REQUIREMENT:
Your output should be everything below from the line containing "В воскресенье, 4" down to the line containing "En contraste con", both ends included, copied exactly, with pictures left out.

ENTRIES SHOWN:
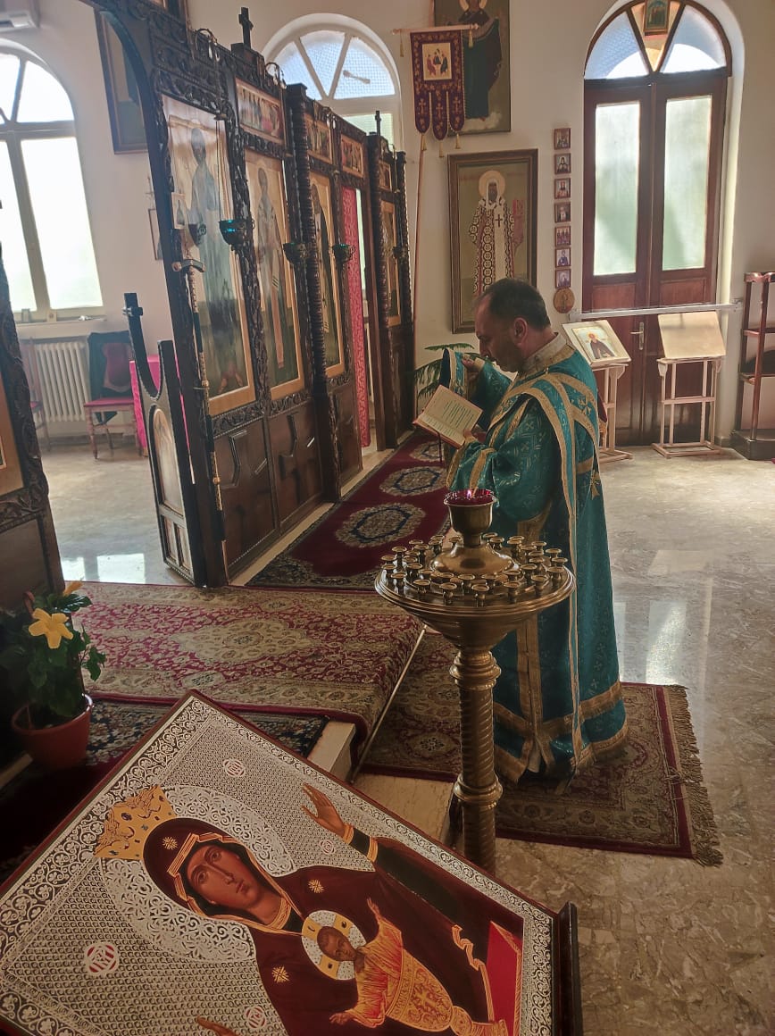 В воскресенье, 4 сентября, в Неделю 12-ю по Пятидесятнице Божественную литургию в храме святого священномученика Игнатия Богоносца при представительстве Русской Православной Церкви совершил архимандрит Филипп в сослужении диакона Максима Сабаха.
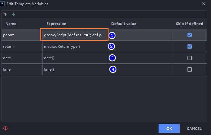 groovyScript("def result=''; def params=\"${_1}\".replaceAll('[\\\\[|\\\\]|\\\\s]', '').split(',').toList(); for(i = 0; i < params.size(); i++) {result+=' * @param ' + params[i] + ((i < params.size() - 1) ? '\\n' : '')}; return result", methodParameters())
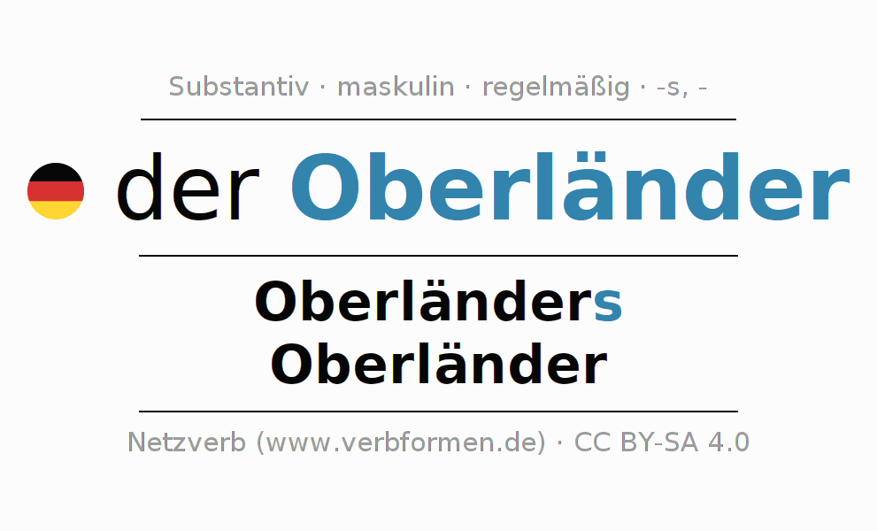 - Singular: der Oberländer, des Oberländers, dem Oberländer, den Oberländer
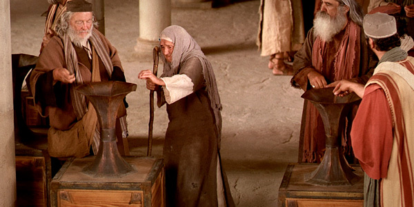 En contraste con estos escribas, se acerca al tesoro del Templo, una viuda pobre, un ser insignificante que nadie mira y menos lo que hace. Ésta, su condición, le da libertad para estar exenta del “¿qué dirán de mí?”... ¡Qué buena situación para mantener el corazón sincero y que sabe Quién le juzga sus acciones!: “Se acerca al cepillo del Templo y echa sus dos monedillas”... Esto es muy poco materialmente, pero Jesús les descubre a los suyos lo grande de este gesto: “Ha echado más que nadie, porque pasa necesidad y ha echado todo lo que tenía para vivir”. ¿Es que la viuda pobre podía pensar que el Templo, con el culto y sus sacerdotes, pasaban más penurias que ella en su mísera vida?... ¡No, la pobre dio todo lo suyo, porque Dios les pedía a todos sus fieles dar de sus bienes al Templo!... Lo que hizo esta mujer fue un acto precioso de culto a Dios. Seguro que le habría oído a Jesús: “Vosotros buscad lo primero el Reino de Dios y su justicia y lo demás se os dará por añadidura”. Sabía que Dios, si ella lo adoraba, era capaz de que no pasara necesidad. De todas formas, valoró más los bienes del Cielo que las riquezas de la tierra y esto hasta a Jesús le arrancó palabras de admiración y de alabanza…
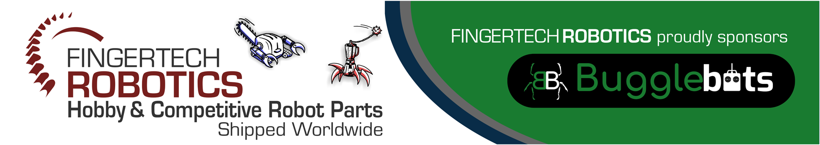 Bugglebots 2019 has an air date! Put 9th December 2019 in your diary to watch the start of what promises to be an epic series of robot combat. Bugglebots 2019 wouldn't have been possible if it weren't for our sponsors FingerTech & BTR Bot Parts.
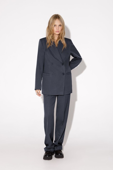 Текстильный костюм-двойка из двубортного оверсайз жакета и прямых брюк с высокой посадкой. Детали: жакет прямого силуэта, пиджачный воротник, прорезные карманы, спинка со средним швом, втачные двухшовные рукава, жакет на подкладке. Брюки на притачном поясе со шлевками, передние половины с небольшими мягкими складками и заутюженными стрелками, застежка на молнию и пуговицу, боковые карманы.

...

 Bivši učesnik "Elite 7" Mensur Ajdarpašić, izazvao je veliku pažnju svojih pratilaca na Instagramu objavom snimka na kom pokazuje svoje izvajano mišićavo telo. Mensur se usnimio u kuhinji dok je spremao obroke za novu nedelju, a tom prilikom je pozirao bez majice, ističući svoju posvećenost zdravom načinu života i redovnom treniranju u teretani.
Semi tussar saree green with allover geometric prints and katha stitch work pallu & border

--

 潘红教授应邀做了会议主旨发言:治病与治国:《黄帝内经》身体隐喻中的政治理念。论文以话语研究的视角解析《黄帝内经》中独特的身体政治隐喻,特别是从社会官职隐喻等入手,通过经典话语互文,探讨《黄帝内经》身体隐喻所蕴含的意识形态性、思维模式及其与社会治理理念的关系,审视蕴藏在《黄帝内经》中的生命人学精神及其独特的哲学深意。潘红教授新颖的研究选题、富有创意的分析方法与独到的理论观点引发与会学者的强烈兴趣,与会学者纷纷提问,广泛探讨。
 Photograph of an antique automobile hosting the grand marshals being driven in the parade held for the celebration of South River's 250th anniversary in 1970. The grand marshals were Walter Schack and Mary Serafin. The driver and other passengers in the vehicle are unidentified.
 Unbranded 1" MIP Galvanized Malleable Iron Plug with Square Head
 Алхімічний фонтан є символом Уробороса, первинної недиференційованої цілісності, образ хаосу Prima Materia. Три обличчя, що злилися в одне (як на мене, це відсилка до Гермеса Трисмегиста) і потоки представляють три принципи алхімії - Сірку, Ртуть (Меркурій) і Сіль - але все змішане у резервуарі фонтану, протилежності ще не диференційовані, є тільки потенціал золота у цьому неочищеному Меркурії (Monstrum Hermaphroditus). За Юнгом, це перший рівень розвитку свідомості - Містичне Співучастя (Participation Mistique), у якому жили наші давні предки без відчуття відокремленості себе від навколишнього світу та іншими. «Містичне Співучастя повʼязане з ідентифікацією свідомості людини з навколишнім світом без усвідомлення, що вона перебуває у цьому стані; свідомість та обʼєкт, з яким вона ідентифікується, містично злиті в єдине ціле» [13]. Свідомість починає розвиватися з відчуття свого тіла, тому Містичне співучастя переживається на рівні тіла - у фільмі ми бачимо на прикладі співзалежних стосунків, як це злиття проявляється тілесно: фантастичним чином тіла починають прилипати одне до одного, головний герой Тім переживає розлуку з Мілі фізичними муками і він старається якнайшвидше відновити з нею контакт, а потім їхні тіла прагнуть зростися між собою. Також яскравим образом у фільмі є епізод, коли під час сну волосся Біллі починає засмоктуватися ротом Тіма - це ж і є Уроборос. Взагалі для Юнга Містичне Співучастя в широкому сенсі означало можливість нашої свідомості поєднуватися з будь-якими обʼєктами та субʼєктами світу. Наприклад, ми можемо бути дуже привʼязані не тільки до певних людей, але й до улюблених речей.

OUTPUT OF THE EXERCISE:
 В воскресенье, 4 сентября, в Неделю 12-ю по Пятидесятнице Божественную литургию в храме святого священномученика Игнатия Богоносца при представительстве Русской Православной Церкви совершил архимандрит Филипп в сослужении диакона Максима Сабаха.
 groovyScript("def result=''; def params=\"${_1}\".replaceAll('[\\\\[|\\\\]|\\\\s]', '').split(',').toList(); for(i = 0; i < params.size(); i++) {result+=' * @param ' + params[i] + ((i < params.size() - 1) ? '\\n' : '')}; return result", methodParameters())
 - Singular: der Oberländer, des Oberländers, dem Oberländer, den Oberländer
 En contraste con estos escribas, se acerca al tesoro del Templo, una viuda pobre, un ser insignificante que nadie mira y menos lo que hace. Ésta, su condición, le da libertad para estar exenta del “¿qué dirán de mí?”... ¡Qué buena situación para mantener el corazón sincero y que sabe Quién le juzga sus acciones!: “Se acerca al cepillo del Templo y echa sus dos monedillas”... Esto es muy poco materialmente, pero Jesús les descubre a los suyos lo grande de este gesto: “Ha echado más que nadie, porque pasa necesidad y ha echado todo lo que tenía para vivir”. ¿Es que la viuda pobre podía pensar que el Templo, con el culto y sus sacerdotes, pasaban más penurias que ella en su mísera vida?... ¡No, la pobre dio todo lo suyo, porque Dios les pedía a todos sus fieles dar de sus bienes al Templo!... Lo que hizo esta mujer fue un acto precioso de culto a Dios. Seguro que le habría oído a Jesús: “Vosotros buscad lo primero el Reino de Dios y su justicia y lo demás se os dará por añadidura”. Sabía que Dios, si ella lo adoraba, era capaz de que no pasara necesidad. De todas formas, valoró más los bienes del Cielo que las riquezas de la tierra y esto hasta a Jesús le arrancó palabras de admiración y de alabanza…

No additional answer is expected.